If you're especially wanting another "guard" dog, most any large breed you choose could serve that purpose. With such a small acreage they do not really need to constantly stay with your goats/sheep/etc. I have no experience with an Australian Shepherd yet extensive experience with a German Shepherd. (ROFL You've given me another opportunity to brag about Cherokee, my GS who was killed a few years ago by copperheads. See pics at end of this post.) Cherokee had a very strong prey drive; however, I got her immediately after she was weaned, established my dominance over her and attached her to a "mixed-breed shepherd" that had already been trained when I was not around. Cherokee turned into a very good "guard" for ALL the animals, fowl included.)

Your fencing will deter many predators and just the fact your dogs are outside roaming around your place will deter many as well. (Were it mine, I'ld start my fencing at least 15-20 feet from the road for a variety of reasons.)

With your place shaped the way it is, were it mine, I'ld set it up so the goats can have the front wooded part much of the time. They are more for browse than graze, though they do need some grass too. However, be aware goats will strip the bark off your trees and soon that wooded area will be full of dead trees. (The only way to protect the trees you want to keep there is to circle each tree trunk at least 3 times with chicken wire that goes up high enough so the goats cannot get to the bark.) Your setting your house in the middle of that acreage is not a bad thing. I say this because it is the way I set mine up and, in doing it this way, it gave me options I really like. (I've been thinking of adding hair sheep and, from the research I've done, running sheep with goats is not wise.) Also, you can actually build your barn (housing for whatever stock you decide on) in the middle in such a way that helps divide your property. Thus, one structure *well divided* fits the bill for several types of large animals...as well as a garden.  

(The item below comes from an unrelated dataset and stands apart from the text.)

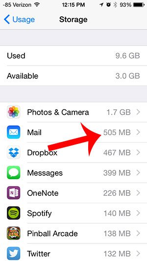 第 5 步:找到郵件選項。它右側的數字是應用程序正在使用的空間量。
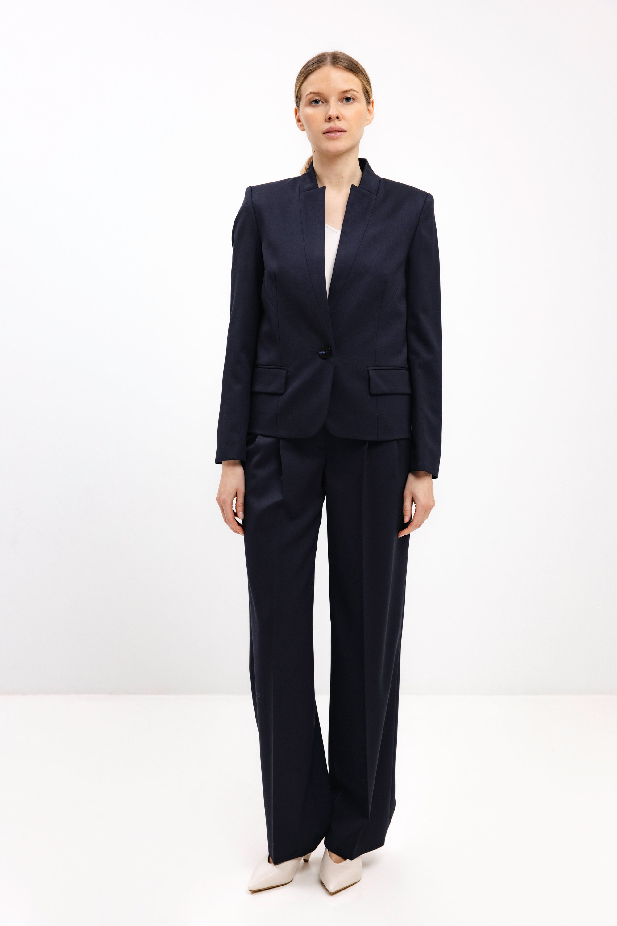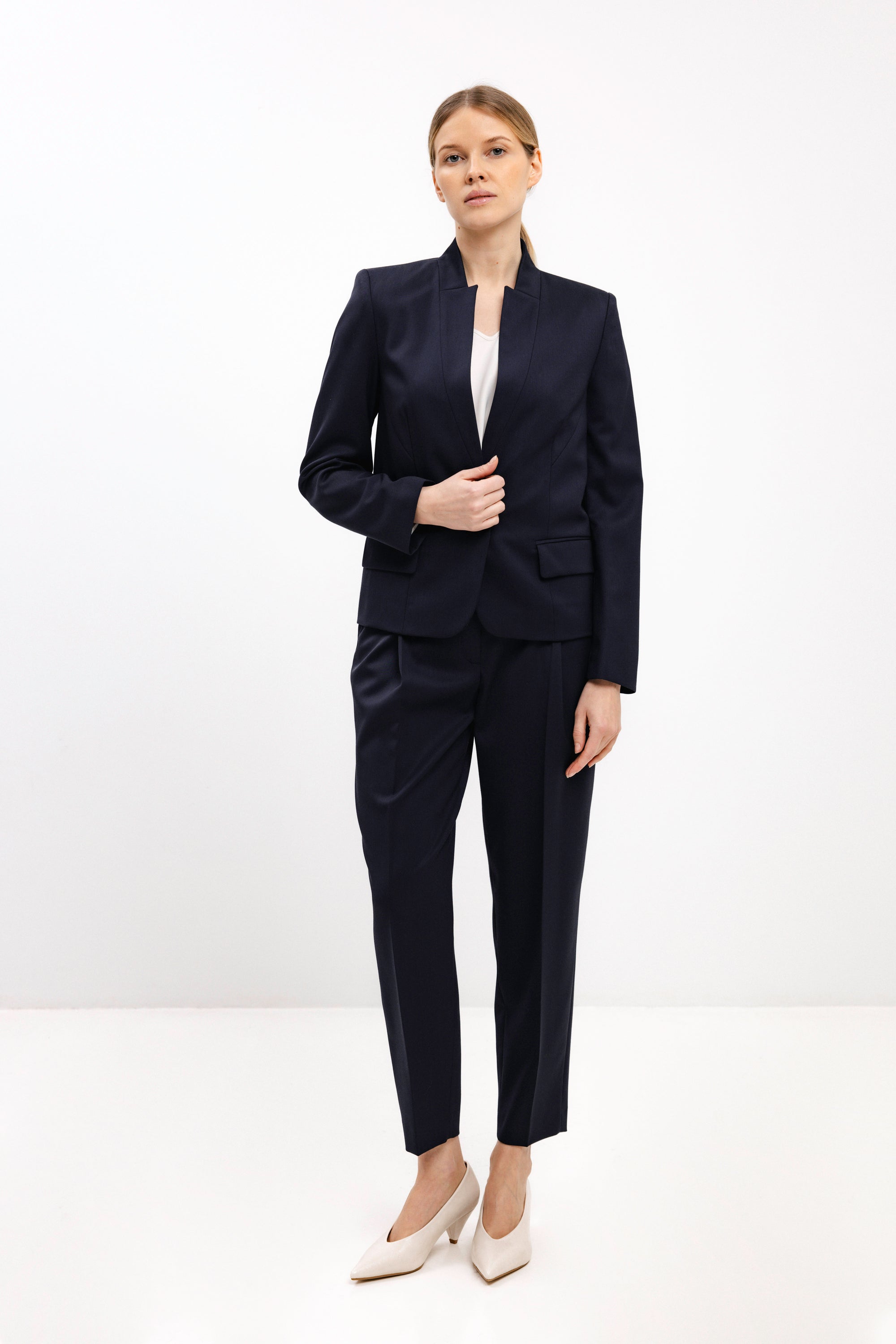 TAPERED NAVY TROUSERS WITH FRONT PLEATS

Well, I'm just rattling on. Creating a homestead from scratch was fun for me and I can still feel the excitement you and your family will have in doing so. Enjoy!


----------



## barnbilder (Jul 1, 2005)

Rhodesian Ridgeback is what I always considered an example of "divergent evolution". They are a South African Black Mouth Cur. Or a Black Mouth Cur is a Texan Rhodesian Ridgeback. Bred with similar ingredients to fill a similar niche. I have always had superb luck with the various cur breeds, and have found them to have a high prey drive yet easily recognize the difference between livestock and vermin. Probably the result of many a well placed pistol bullet applied to their ancestry, to weed out the chicken killers, egg suckers, and lamb worriers. This is something, at least from the chicken end of things, (the animal that needs perhaps the most protection on the homestead) that, from what I have gathered from the popular LGD breeds, it is acceptable or even expected for them to kill chickens. Yell at a cur, most of them one time, and that is all you will ever have to do.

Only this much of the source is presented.